A entrevista dada por Matthias Enard ao João Céu e Silva no «Diário de Notícias» coincidiu com a receção do caixote oriundo do meu clube do livro francês, com os títulos mais interessantes de entre os que se vão publicando recentemente em França.
Um dos que agora me chegou às mãos foi, precisamente, «Boussole» desse autor, galardoado com o Goncourt deste ano. E estou justificadamente expectante para esta viagem de um orientalista que, sempre de pijama, e sentado no sofá, passa sete horas de insónia a fazer o balanço das diferenças civilizacionais entre a Europa iluminista e esse Oriente, que se tornou para ela uma construção imaginária, com muitas diferenças em relação à sua verdadeira identidade.
Numa época em que gente perigosa anda a perorar sobre «choque» entre civilizações incompatíveis, o livro de Enard pretende demonstrar o contrário: elas podem ser, não só harmonizáveis, mas também miscigenáveis.

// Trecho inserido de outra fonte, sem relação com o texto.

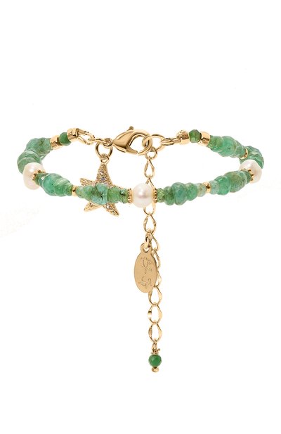 Зеленый гибкий браслет с изумрудами и жемчужинами изготовлен вручную из гипоаллергенного ювелирного сплава и покрыт тонким слоем золота. Легкое украшение, длина которого регулируется при помощи дополнительных звеньев, дополнено подвеской-морской звездой с россыпью сверкающих кристаллов.
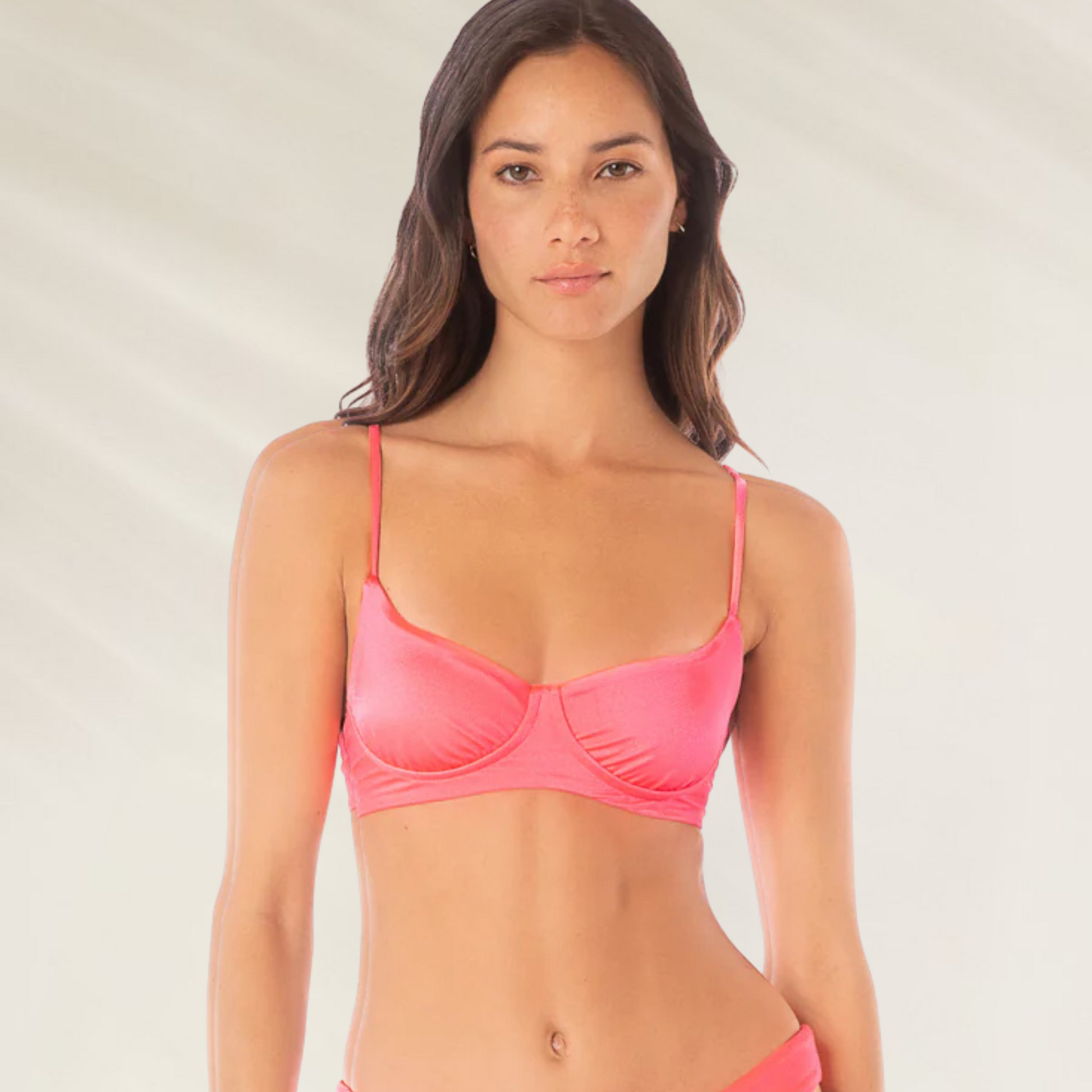 O top Archer da Maaji é a definição perfeita de charme e conforto. Com um corte tipo bralette, copas com aro para suporte e um elegante detalhe cruzado nas costas com laçada ajustável, este modelo é um verdadeiro destaque da nova coleção. O toque final? As delicadas contas artesanais e o tecido com brilho subtil que eleva o look de praia a outro nível.
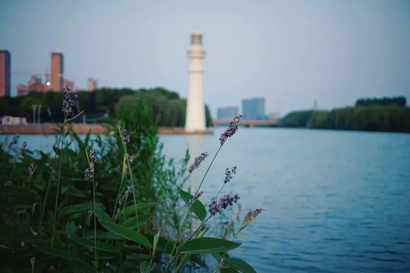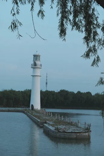 吴淞灯塔以白色塔身擎起红色天坛顶,屹立于吴淞口导堤尽头,为往来船舶点亮长江与黄浦江交汇处的航标之光。
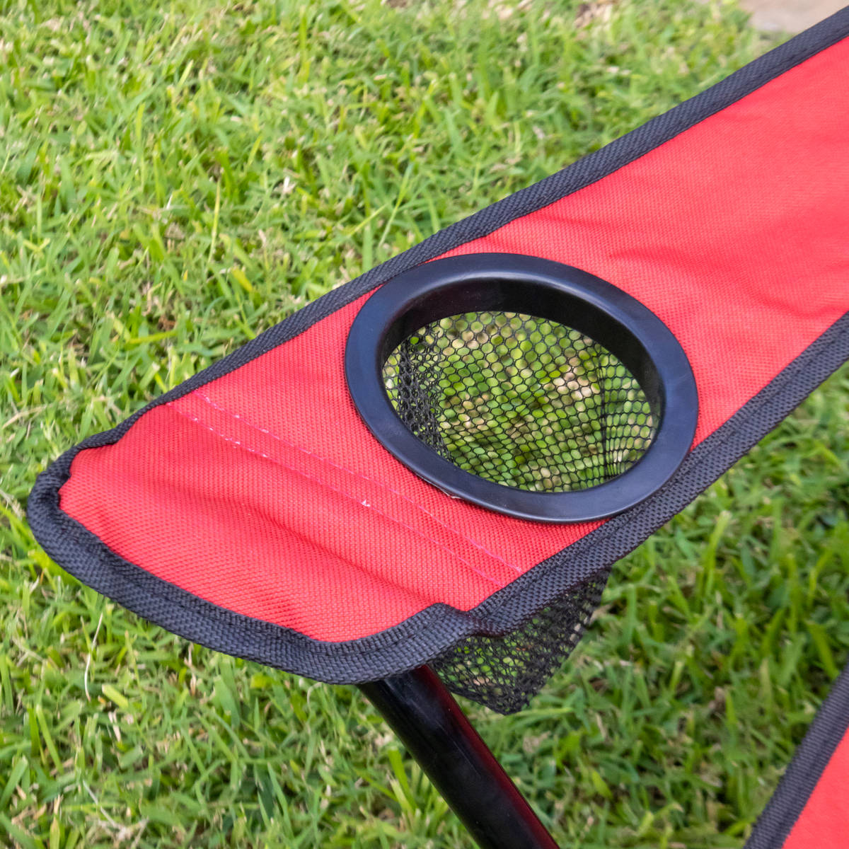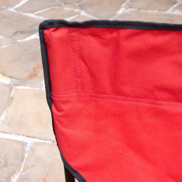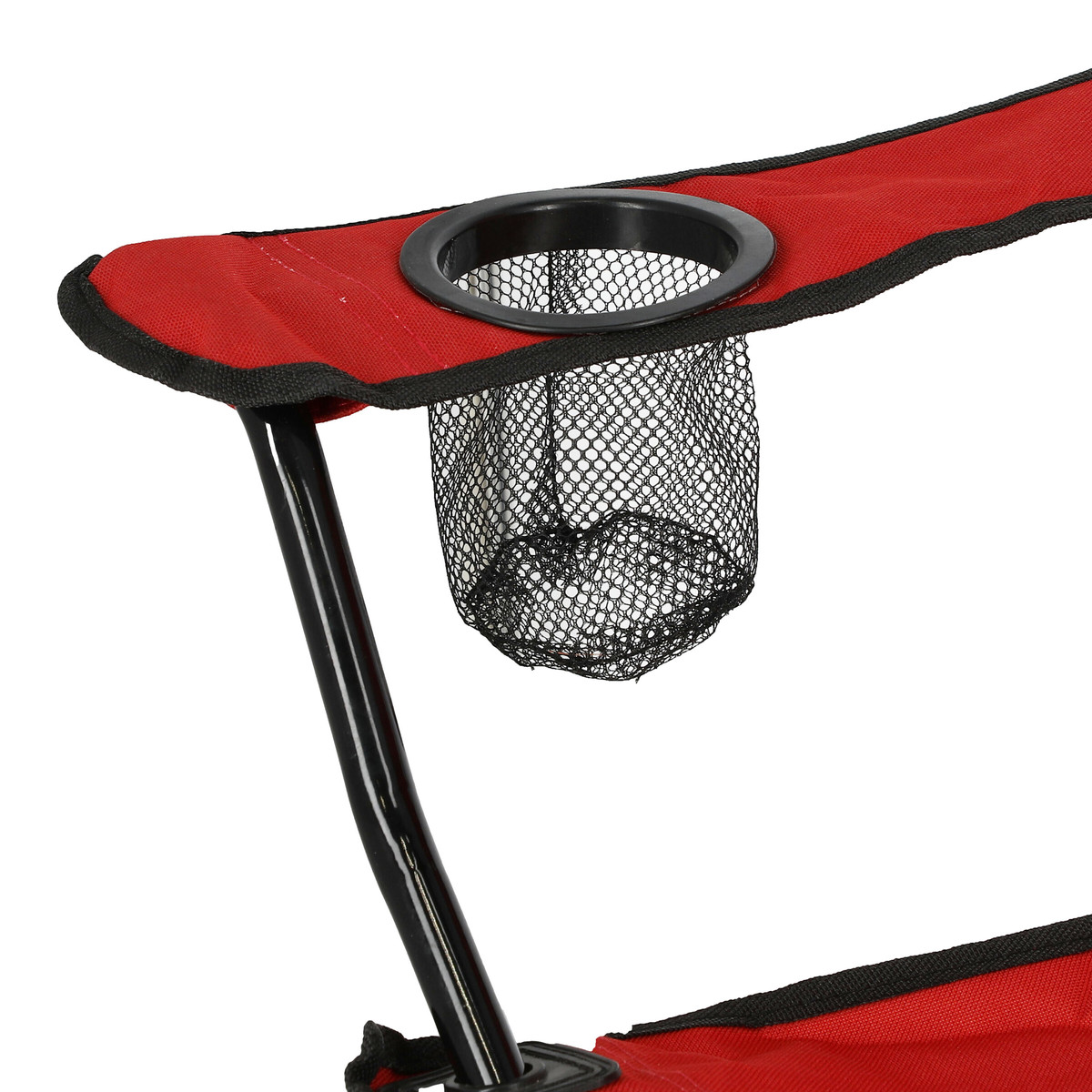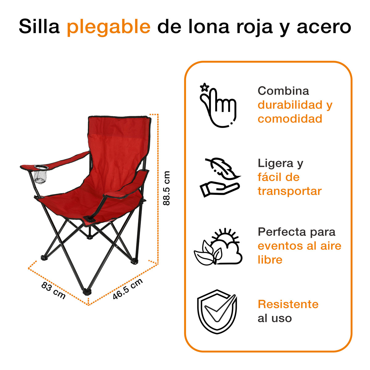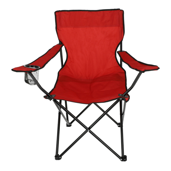 Silla con estructura plegable ligera que se convierte en tu aliada para disfrutar momentos al aire libre con mayor comodidad, gracias a su asiento de tela roja con textura suave y respaldo amplio que aporta soporte estable. Estructura con reposabrazos integrados, y uno de ellos incorpora un portavasos de malla que mantiene tu bebida al alcance mientras te relajas. La base metálica de acero en color negro brinda firmeza y estabilidad, con un diseño cruzado que facilita el plegado sin esfuerzo. Su tela muestra un acabado resistente y flexible que se adapta a tu postura, ideal para acompañarte en picnics, campamentos o eventos. Al terminar de usarla, la guardas fácilmente en su bolsa roja con asa, práctica para transportar y almacenar. Sus dimensiones son 88.5 cm de alto por 83 cm de ancho y 46.5 cm profundidad, optimizan espacio y preservan la silla en buen estado.
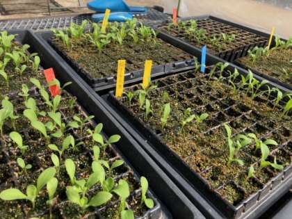 夢ちゃん花づくり隊の方々と栽培委員会で種まきしたキンセンカの芽がみるみるうちに大きくなってきました。

Na entrevista em causa o autor diz duas frases com que me sinto particularmente identificado: “A viagem é cada vez mais feita de muitas realidades, como de informações que outros viajantes trazem, e não só de querer ir ao local”.
A minha longa experiência de viajante por todos os continentes - ou, pelo menos, pelos seus portos! - levou-me amiúde a compreender que deveria ter lido certos textos e absorvido determinadas informações para conseguir ver aquilo que me surgia diante dos olhos.
Ao longo de tantos anos e experiências, estou convicto de ter tido à minha frente muitos edifícios e histórias a eles associadas, que me deleitariam o olhar e, cuja ignorância na altura, me fizeram delas cego.
A outra frase interessante de Énard coaduna-se com o que eu próprio penso e ando a tentar incorporar nos meus exercícios ficcionais: “No século XXI o romance integra tudo. A ficção aproxima-se do ensaio, bem como de temas jornalísticos e de imagens”. Eu não o conseguiria dizer melhor!